3. Working-class talent
People whose parents had professional backgrounds are significantly overrepresented in the industry (63% versus a 37% national average). In addition, 20% of UK advertising professionals attended fee-paying schools versus a national average of 7%. The report encourages the industry to implement the Social Mobility Commission’s Toolkit for the Creative Industries, which launches later this month.
Sharon Lloyd Barnes, commercial director and inclusion lead at the Advertising Association, was keen to stress that, although these are the first areas to tackle, the Inclusion Working Group is liaising with experts to create actions for other marginalised groups by the end of the year.
Jacob, who is also chief executive of Pearl & Dean, said: “It is like a film franchise. This is our first release, but we’ve got more to come.”

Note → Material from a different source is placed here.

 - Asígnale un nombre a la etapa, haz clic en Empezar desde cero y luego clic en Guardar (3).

The considered approach is to ensure the group drives systemic and long-term change, rather than opting for easy wins.
“We want to suggest credible actions that will genuinely drive change,” Jacob added.

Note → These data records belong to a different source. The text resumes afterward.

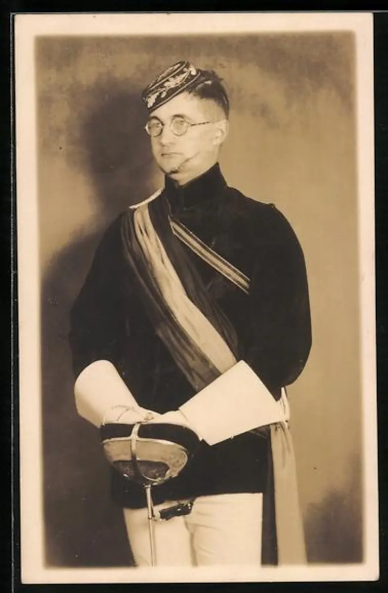 Foto-AK Halbportrait Student mit Schärpe, Tönnchen und Schläger, studentische Szene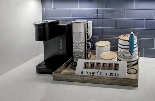 Just off the living room is the open kitchen, featuring quartz counter tops, stainless steel appliances, coffee bar fully stocked with all the essentials. Enjoy meals at the dining table for 8, with room for 4 more at the over-sized kitchen island.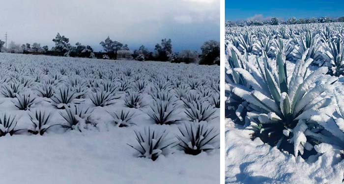 Ello provocó que en algunos sitios donde es extrañísimo que nieve, este fenómeno se diese, sorprendiendo y encantando, a muchos. El resultado estético son increíbles imágenes con escenarios improbables: como agaves en sus hermosos patrones en hileras cubiertos de nieve, un binomio visto con escasísima regularidad.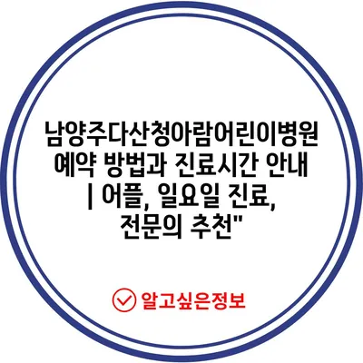 남양주다산청아람어린이병원 예약 방법과 진료시간 안내 | 어플, 일요일 진료, 전문의 추천”

Although the industry has made progress on improving its pipeline of diverse staff, Lloyd Barnes said adland needs to get its house in order so that these new recruits are properly valued and supported to reach the top.
“We need to recruit, support and promote talent at every stage,” she explained.
To encourage swift action, the group has introduced a process for any company wishing to declare publicly that it is an All In Company. They will be asked to provide evidence they have implemented the three actions, in return for materials which can be used in company credentials.
The All In work has sparked the attention of the global advertising community as well as other business sectors in the UK.
The World Federation of Advertisers, backed by Campaign and Kantar, will launch an adapted version of the All In Census over 27 countries later this month - the first global diversity survey of its kind.
Meanwhile, the Inclusion Working Group has also been approached from people working in other industries about how they could implement the same type of programme.
A human-shaped approach
All these changes are important to retain talented people and future proof the industry by attracting new faces. “If we want people to stay in our industry, it needs to become more human-shaped rather than business-shaped,” Jacobs said.
“We are now in a global fight for talent. People are our biggest asset. We need to start treating them like that, rather than having a system that squashes you like a pancake, so you are all like cookie cutters,” she added.
Lloyd Barnes said this is particularly important after the Covid pandemic: “The experience we all just went through has made us more aware of our colleagues in a more human way, understanding what they are dealing with in their home environment.”
Jacobs said: “We have got to create a more inclusive workplace. This is the start of us becoming an industry we would be happy for our children to work in.”
Caroline Dinenage, the culture minister, welcomed the All In Census as it “can help further improve representation across the advertising landscape and build on the work done to date on inclusion in the creative industries”.